The __iommu_alloc_buffer() is expected to be called to allocate pretty
sizeable buffers.  Upon simple tests of video I saw it trying to
allocate 4,194,304 bytes.  The function tries to be efficient about this
by starting out allocating large chunks and then moving to smaller and
smaller chunk sizes until it succeeds.

The current function is very, very slow.

One problem is the way it keeps trying and trying to allocate big
chunks.  Imagine a very fragmented memory that has 4M free but no
contiguous pages at all.  Further imagine allocating 4M (1024 pages).
We'll do the following memory allocations:
- For page 1:
  - Try to allocate order 10 (no retry)
  - Try to allocate order 9 (no retry)
  - ...
  - Try to allocate order 0 (with retry, but not needed)
- For page 2:
  - Try to allocate order 9 (no retry)
  - Try to allocate order 8 (no retry)
  - ...
  - Try to allocate order 0 (with retry, but not needed)
- ...
- ...

Total number of calls to alloc() calls for this case is:
  sum(int(math.log(i, 2)) + 1 for i in range(1, 1025))
  => 9228

The above is obviously worse case, but given how slow alloc can be we
really want to try to avoid even somewhat bad cases.  I timed the old
code with a device under memory pressure and it wasn't hard to see it
take more than 24 seconds to allocate 4 megs of memory (!!).

A second problem (and maybe even more important) is that allocating big
chunks when we don't need them is just not a good idea anyway.  The
first thing we do with these big chunks is break them into smaller
chunks!  If we allocate small chunks:
- The memory manager doesn't need to work so hard to give us big chunks.
- We can save the big chunks for those that really need them and this
  code can make great use of all the small chunks sitting around.

Let's simplify by just allocating one page at a time.  We may make more
total allocate calls but it works way better.  In real world tests that
used to sometimes see a 24 second allocation call I can now see at most
250 ms.

Signed-off-by: Douglas Anderson <dianders@chromium.org>
---
 arch/arm/mm/dma-mapping.c | 38 ++++++--------------------------------
 1 file changed, 6 insertions(+), 32 deletions(-)

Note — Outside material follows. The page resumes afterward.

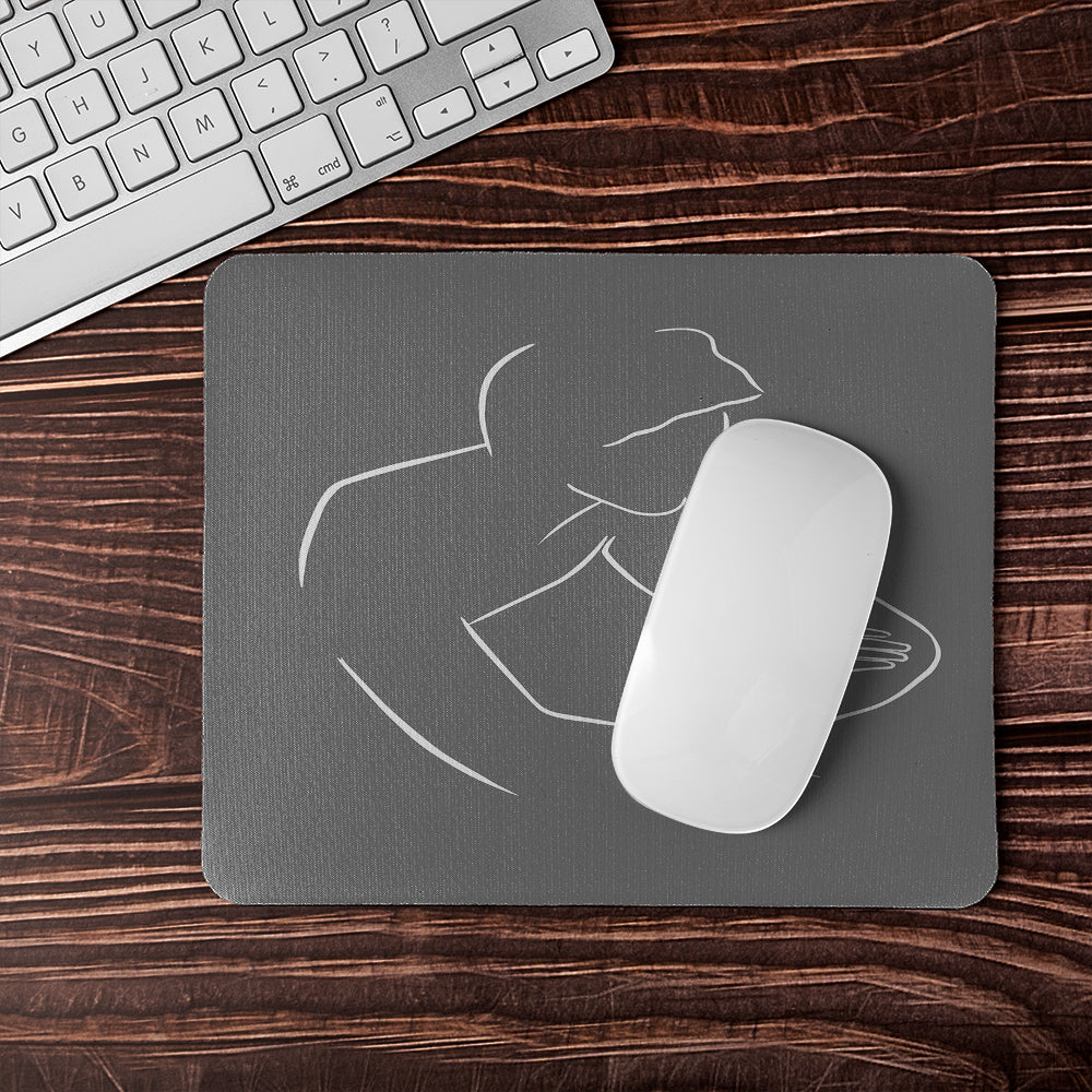 Drawing of a couple in one line Designer Mouse Mat is backordered and will ship as soon as it is back in stock.

diff --git a/arch/arm/mm/dma-mapping.c b/arch/arm/mm/dma-mapping.c
index 492bf3efffab..7efeb2d4801b 100644
--- a/arch/arm/mm/dma-mapping.c
+++ b/arch/arm/mm/dma-mapping.c
@@ -1160,39 +1160,13 @@ static struct page **__iommu_alloc_buffer(struct device *dev, size_t size,
 	gfp |= __GFP_NOWARN | __GFP_HIGHMEM;
 
 	while (count) {
-		int j, order;
-
-		for (order = __fls(count); order > 0; --order) {
-			/*
-			 * We do not want OOM killer to be invoked as long
-			 * as we can fall back to single pages, so we force
-			 * __GFP_NORETRY for orders higher than zero.
-			 */
-			pages[i] = alloc_pages(gfp | __GFP_NORETRY, order);
-			if (pages[i])
-				break;
-		}
-
-		if (!pages[i]) {
-			/*
-			 * Fall back to single page allocation.
-			 * Might invoke OOM killer as last resort.
-			 */
-			pages[i] = alloc_pages(gfp, 0);
-			if (!pages[i])
-				goto error;
-		}
-
-		if (order) {
-			split_page(pages[i], order);
-			j = 1 << order;
-			while (--j)
-				pages[i + j] = pages[i] + j;
-		}
+		pages[i] = alloc_pages(gfp, 0);
+		if (!pages[i])
+			goto error;
 
-		__dma_clear_buffer(pages[i], PAGE_SIZE << order);
-		i += 1 << order;
-		count -= 1 << order;
+		__dma_clear_buffer(pages[i], PAGE_SIZE);
+		i += 1;
+		count -= 1;
 	}
 
 	return pages;